## What needs to be done
Set the data down again, exactly as it reads, but without the pictures.

## Raw data
====
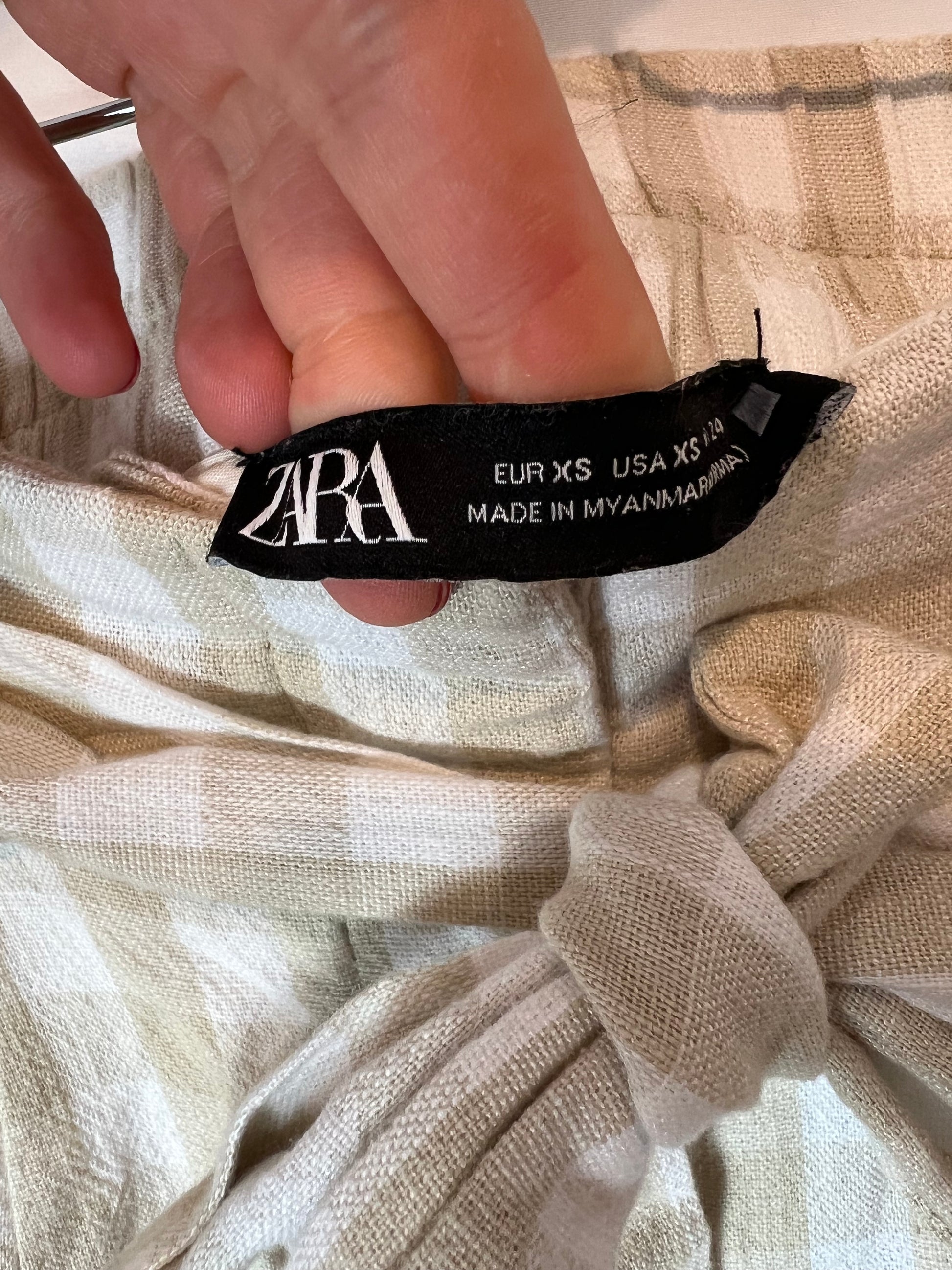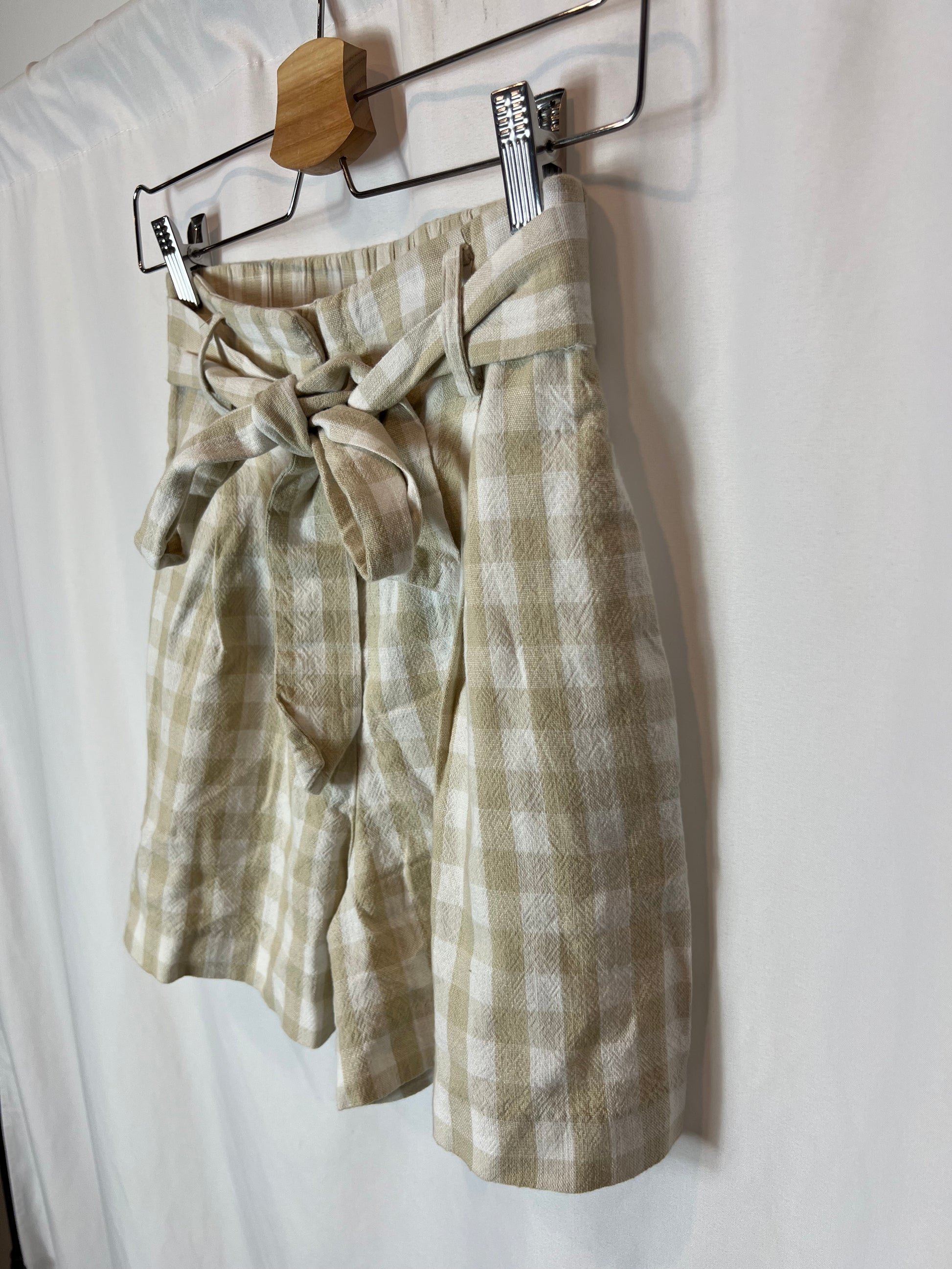 pantalón corto de beige y blanco con lazada . Cibtura 31cm, largo 39cm
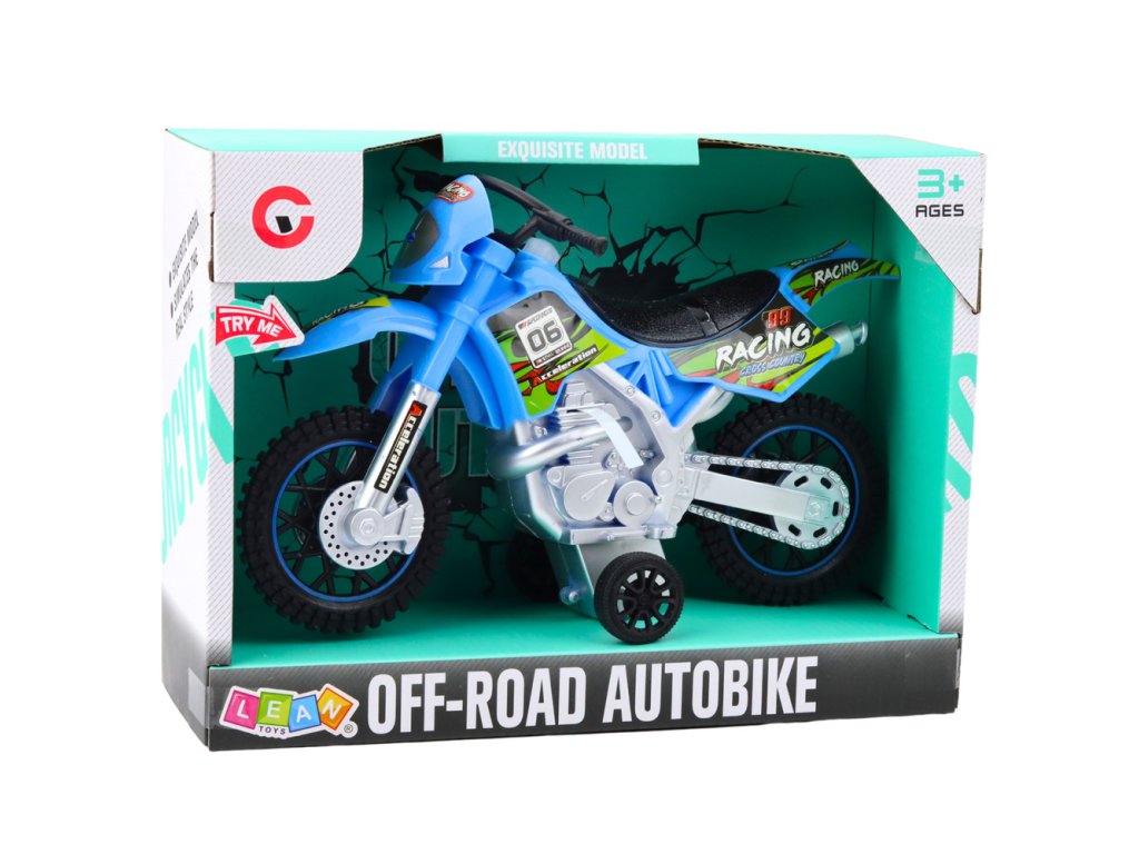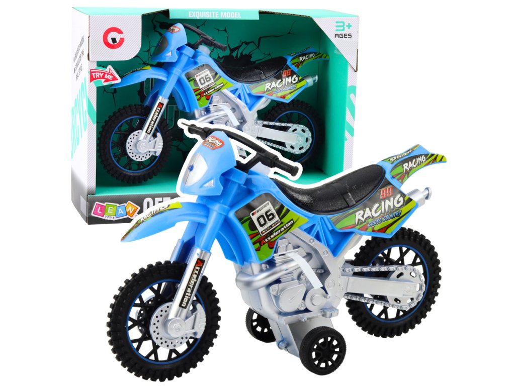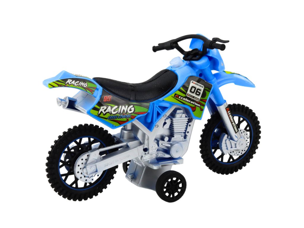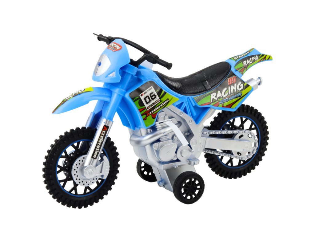 CROSS MOTOCYKL TERÉNNÍ HRAČKA MODRÁ SE SVĚTELNÝMI A ZVUKOVÝMI EFEKTY
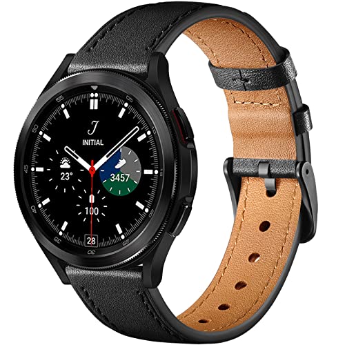Oielai 20 mm Band Kompatibelt Med Samsung Galaxy Watch 7/6/6 Classic/5/5 Pro/4/4 Classic, Ersättningsarmband i Läder, Svart
====
## Answer to this problem
 pantalón corto de beige y blanco con lazada . Cibtura 31cm, largo 39cm
 CROSS MOTOCYKL TERÉNNÍ HRAČKA MODRÁ SE SVĚTELNÝMI A ZVUKOVÝMI EFEKTY
Oielai 20 mm Band Kompatibelt Med Samsung Galaxy Watch 7/6/6 Classic/5/5 Pro/4/4 Classic, Ersättningsarmband i Läder, Svart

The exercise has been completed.